One of the things that we really want to be very aware of is what’s happening out there, more than ever before, because of the speed of change. So one of the things that we really like focusing on is how do we send the feelers out there and understand what is the innovation that could translate to something helpful for us. And so we created this GS Innovation Center in 2022 to drive the velocity of innovation. And that’s where the initial conversations with Cognition Labs happened and where we have a framework where we create a sandbox where these tools can be tested safely before they go into the machinery of the bank. And I think for us, one of the learnings is to really look outside and understand the state of the art and the state of the possible, and then create a safe environment for innovation that really stays very close and stays very engaged to those companies. It’s just unbelievable how AI has unleashed a new generation of companies and software providers that are doing incredibly creative and interesting things. AI is reducing the barrier of entry so much that startups are becoming very, very innovative and very quickly. We like to be in the center of that.

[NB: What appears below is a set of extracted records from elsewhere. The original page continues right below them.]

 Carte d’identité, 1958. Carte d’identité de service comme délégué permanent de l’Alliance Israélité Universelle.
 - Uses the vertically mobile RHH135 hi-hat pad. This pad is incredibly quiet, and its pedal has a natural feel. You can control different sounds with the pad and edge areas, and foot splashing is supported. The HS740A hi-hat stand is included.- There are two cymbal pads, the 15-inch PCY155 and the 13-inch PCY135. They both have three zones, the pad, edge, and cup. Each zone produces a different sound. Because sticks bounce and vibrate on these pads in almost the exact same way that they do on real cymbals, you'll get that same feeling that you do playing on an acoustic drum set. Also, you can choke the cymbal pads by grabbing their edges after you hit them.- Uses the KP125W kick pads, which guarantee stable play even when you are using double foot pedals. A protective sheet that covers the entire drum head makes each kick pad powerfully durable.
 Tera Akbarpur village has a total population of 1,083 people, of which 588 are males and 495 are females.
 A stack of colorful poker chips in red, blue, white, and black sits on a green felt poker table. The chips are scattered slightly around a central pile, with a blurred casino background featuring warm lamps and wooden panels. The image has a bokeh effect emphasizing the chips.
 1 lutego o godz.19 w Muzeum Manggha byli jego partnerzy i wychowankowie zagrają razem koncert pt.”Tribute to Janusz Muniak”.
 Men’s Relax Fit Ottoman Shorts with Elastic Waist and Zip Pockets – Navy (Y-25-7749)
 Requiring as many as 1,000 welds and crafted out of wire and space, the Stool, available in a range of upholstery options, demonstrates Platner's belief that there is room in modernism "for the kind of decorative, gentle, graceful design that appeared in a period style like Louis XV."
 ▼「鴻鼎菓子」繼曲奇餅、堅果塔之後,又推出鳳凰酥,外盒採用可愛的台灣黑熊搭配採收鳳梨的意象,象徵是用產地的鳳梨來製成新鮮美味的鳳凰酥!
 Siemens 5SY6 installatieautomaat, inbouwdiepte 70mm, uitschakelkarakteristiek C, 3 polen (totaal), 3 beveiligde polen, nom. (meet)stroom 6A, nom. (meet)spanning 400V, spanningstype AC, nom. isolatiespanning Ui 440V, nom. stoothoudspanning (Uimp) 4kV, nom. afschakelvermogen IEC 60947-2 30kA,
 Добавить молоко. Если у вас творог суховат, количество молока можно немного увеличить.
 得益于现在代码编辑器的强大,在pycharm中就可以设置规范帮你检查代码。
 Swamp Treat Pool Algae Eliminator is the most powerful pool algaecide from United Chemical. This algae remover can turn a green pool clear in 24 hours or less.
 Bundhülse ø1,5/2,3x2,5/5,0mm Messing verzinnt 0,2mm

Are you seeing a return on any of this? In terms of hours saved or some other measure?
We measure, for example, development productivity very carefully. We definitely see that developers are, on average, 20% more productive, which translates into cost savings. We already are benefiting from that, and now we’re looking at, OK, agents are going to increase this number by how much. And then, when we started to put it in other operational roles, we are measuring how much that’s going to be. So we definitely are driving an ROI based approach to how we invest on AI, and we’re already starting to see the first results for sure.